Friday, September 12, 2008
Another Mad Cover
I'm mostly a lurker in this meeting, which involves modeling the issue of class size reduction (CSR) in Oregon, a focus of The Chalkboard Project, which is providing a real world example for testing working code, a Google appengine with an object model.
A semi-structured approach mixes SQL style thinking with a more XML based approach, as evidence and opinions are more subject to tagging, like on Delicious. Buzz crawlers take advantage of consistent tagging without requiring the grid-iron lockstep approach of only-tabular data, ala SQL. Both approaches have their upsides and downsides.
How does one extract implementable programming from position statements? Not every discussion yields practical, actionable minutes, as Quakers might put it. Sometimes "action minutes" even get flagged as such. A democracy engine might borrow this infrastructure, helping users refine their discussions in the direction of actual, executable programs (working code, implementable policies).
I'm learning a lot from Scott (ECF project lead for Eclipse) about Google's new GWT: develop an AJAX or more static GUI in Java using these various widget libraries, then generate the corresponding JavaScript for embedding in the client browser, no Java required. Use this as a front end to a Pythonic Google appengine maybe. What a concept! DemocracyLab is quite forward thinking in using these tools.

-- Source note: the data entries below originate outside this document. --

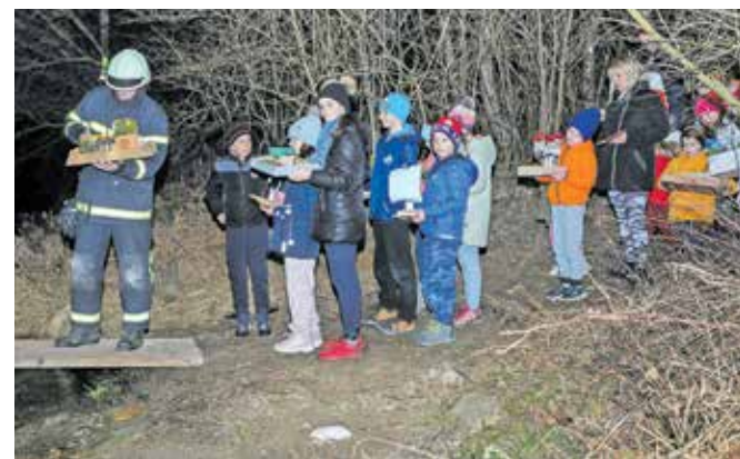
Gregorčke so spustili po reki Kokri.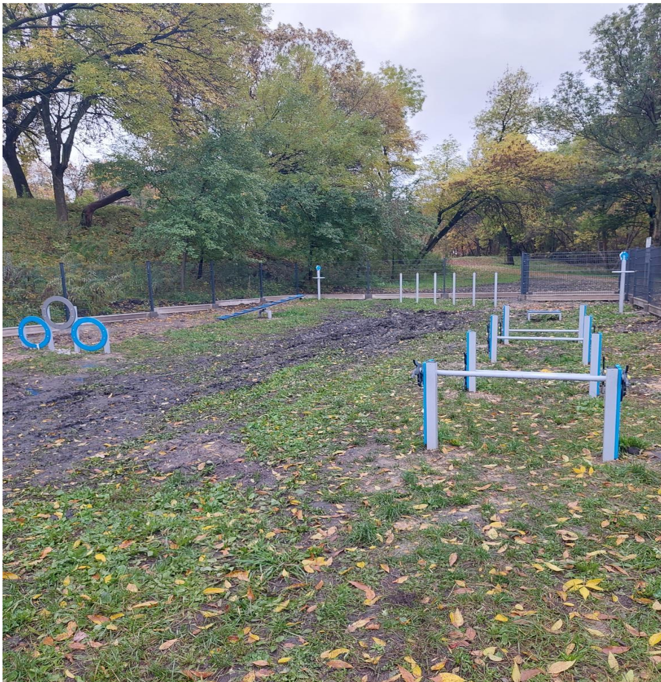
* Rewitalizacja parku przy ul. Okrzei (BO22/IV/1)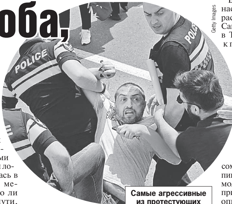
Самые агрессивные из протестующих до аэропорта им. Руставели не добрались.

Те, кто приветствует изменения, тоже были в аэропорту. Но вели себя тихо. А вот противники устроили шоу: хотя автоколонна не доехала, но пешеходы, завернувшие в украинские и грузинские флаги, с транспарантами и свистками прибыли аккурат к посадке самолета. Полиция эту группу человека в 200 остановила. Но свист и антирос-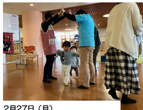
2月27日(月) 歌とリズム遊び ☆ 和い輪いくらび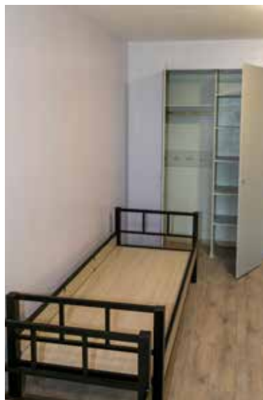
В комнатах обновляются кровати, и шкафы стали функциональнее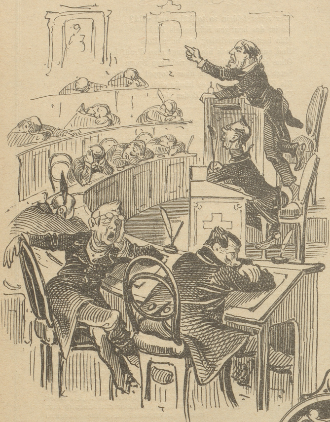
Bei uns schläft man ganz wonniglich;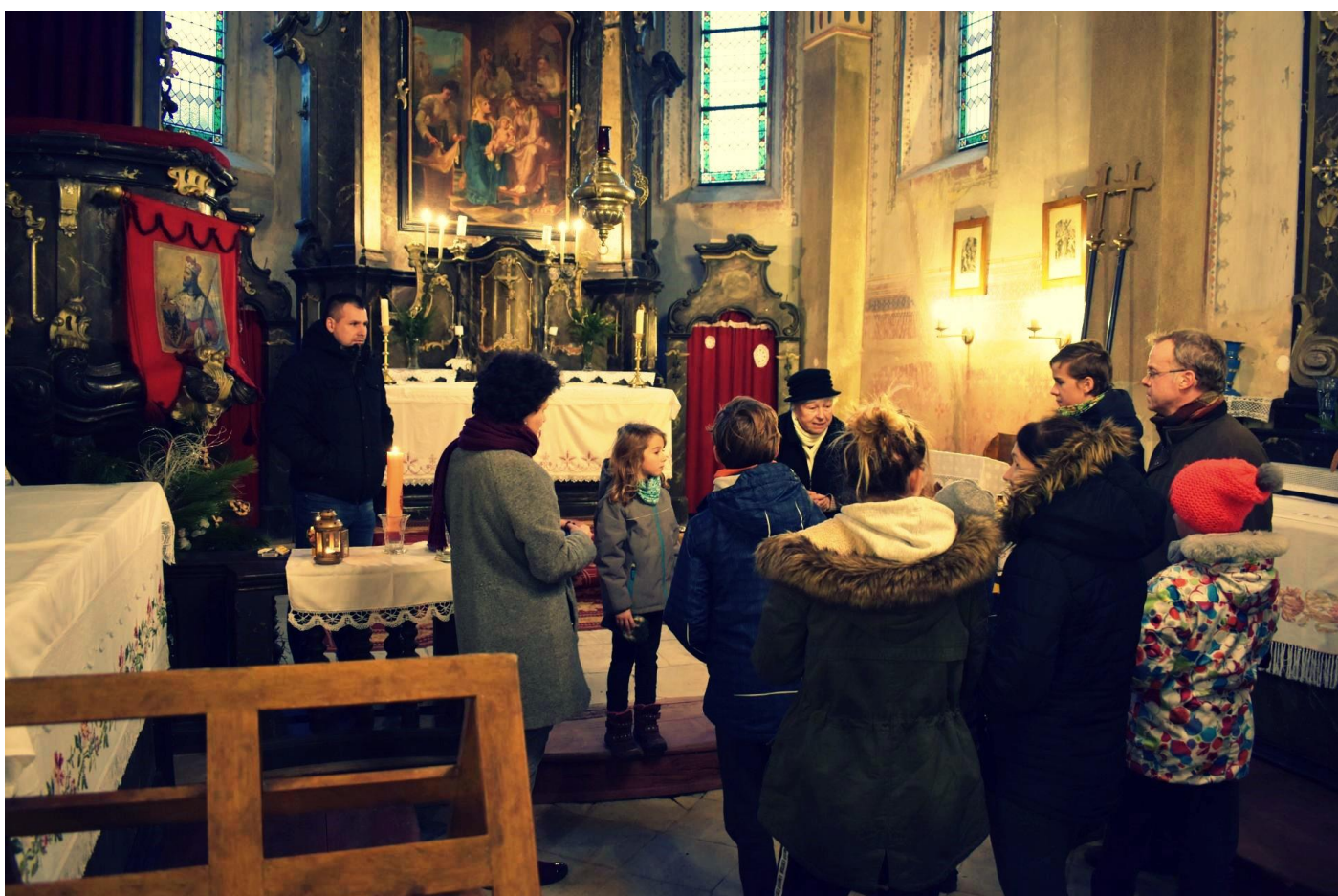
Kostel ve Vepřku / Rozdávání Betlémského světla / 24. 12. 2018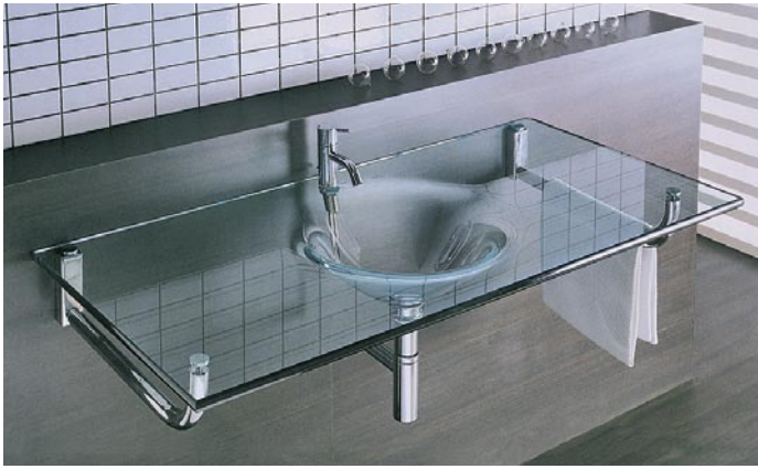
Glaswaschtisch aus 19 mm Floatglas mit geschliffenen Kanten von BadConnection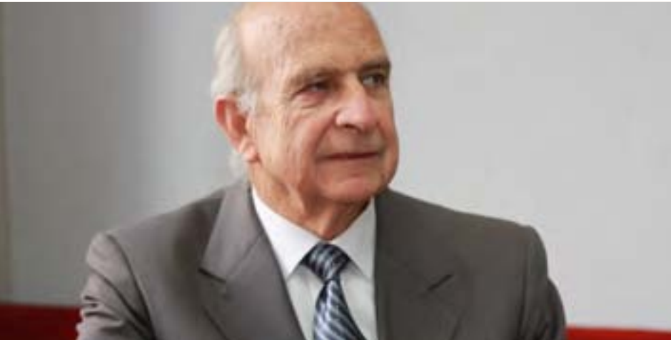
Carlos Ferrero Costa Presidente del Consejo de Ministros, diciembre 2003 - agosto 2005

“El Acuerdo Nacional (AN) es, sin duda, un organismo que contribuye a la gobernabilidad porque ofrece un espacio para el diálogo entre el gobierno, los partidos políticos y la sociedad civil sin el apasionamiento y la competencia que, por ejemplo, tiene el debate parlamentario”.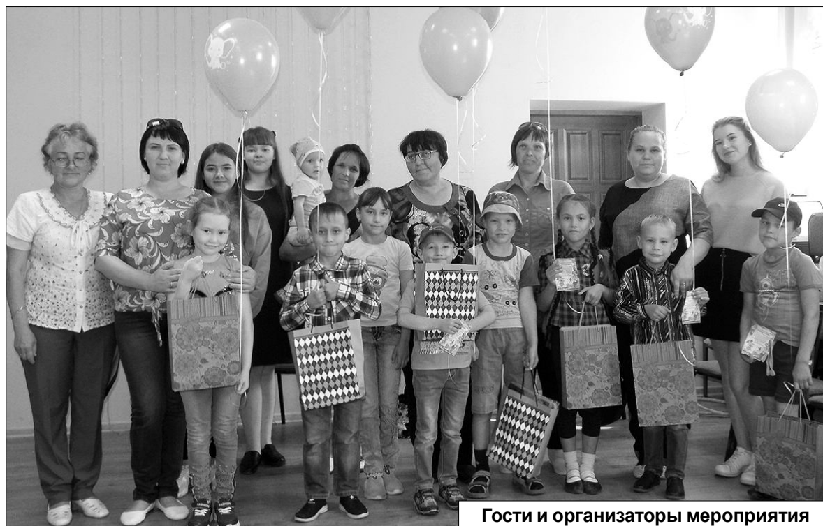
Гости и организаторы мероприятия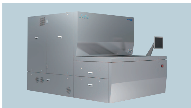
Ledia (マニュアル露光タイプ)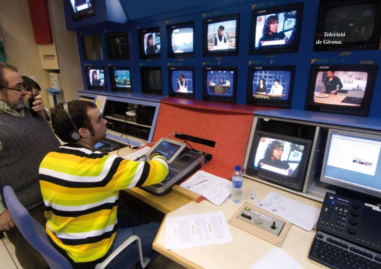
>> Televisió de Girona.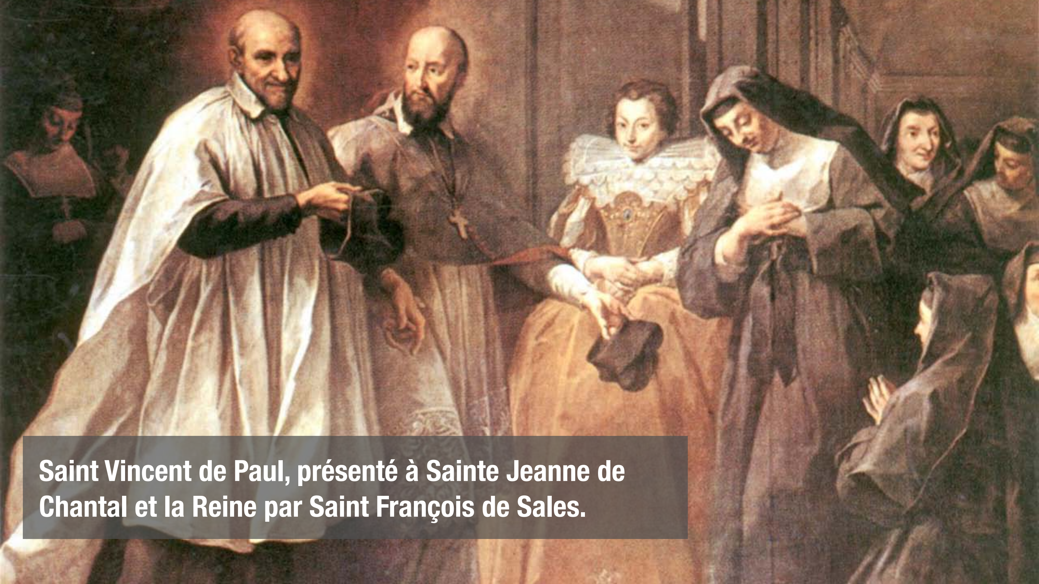
Saint Vincent de Paul, présenté à Sainte Jeanne de Chantal et la Reine par Saint François de Sales.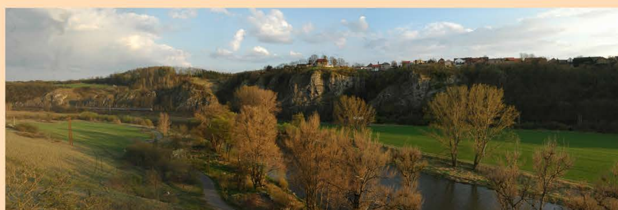
Pohled od Berouna

Ale zpět k realitě. Pokud se na Damilu něco z pověstí opravdu odehrálo nevíme, ale lidé se zde pohybovali od nepaměti, jak o tom svědčí nálezy kamenných seker z mladší doby kamenné. Ještě v 1. polovině 20 století byl povrch Damilu tvořen převážně lukami. Dnes je částečně zalesněn.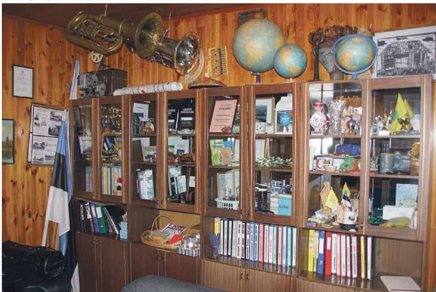
Muuseuminurgake Tsooru rahvamajas. Pilt on tehtud 31. detsembril 2021.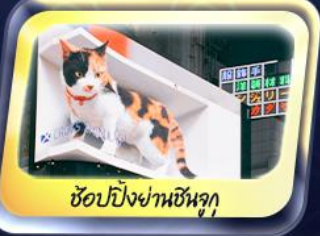
ช้อปปังฟานชินจุกุ

ต้นตาดั้นใจกับท่าแพงหิมะ บนเทือกเขาจแปนแอลป์ เช็คอินที่หมู่บ้านชิราคาวาโกะ ชมงานประดับไฟนาบานะ โนะ ซาโตะ ขึ้นภูเขาไฟฟูจิชั้นที่ 5 สวนโออิชิปาร์ค เยือนปราสาทโอซาก้า วัดทองคินคะคุจิ ช้อปปังฟานชินจุกุ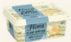
Flora Plant B+tter Havssalt 79%

Although I did hit the gym last night, appreciate the new personal DVD equipped machines for "pedalphiles" (also iPod ready) that doesn't justify the maple bar I ate, while waiting for this DemocracyLab meeting to start.
I've got that latest Mad for political content, a good balance for my unrelentingly technical diet around GnuMath teaching these days. I've been collecting these covers lately (search my blogs?).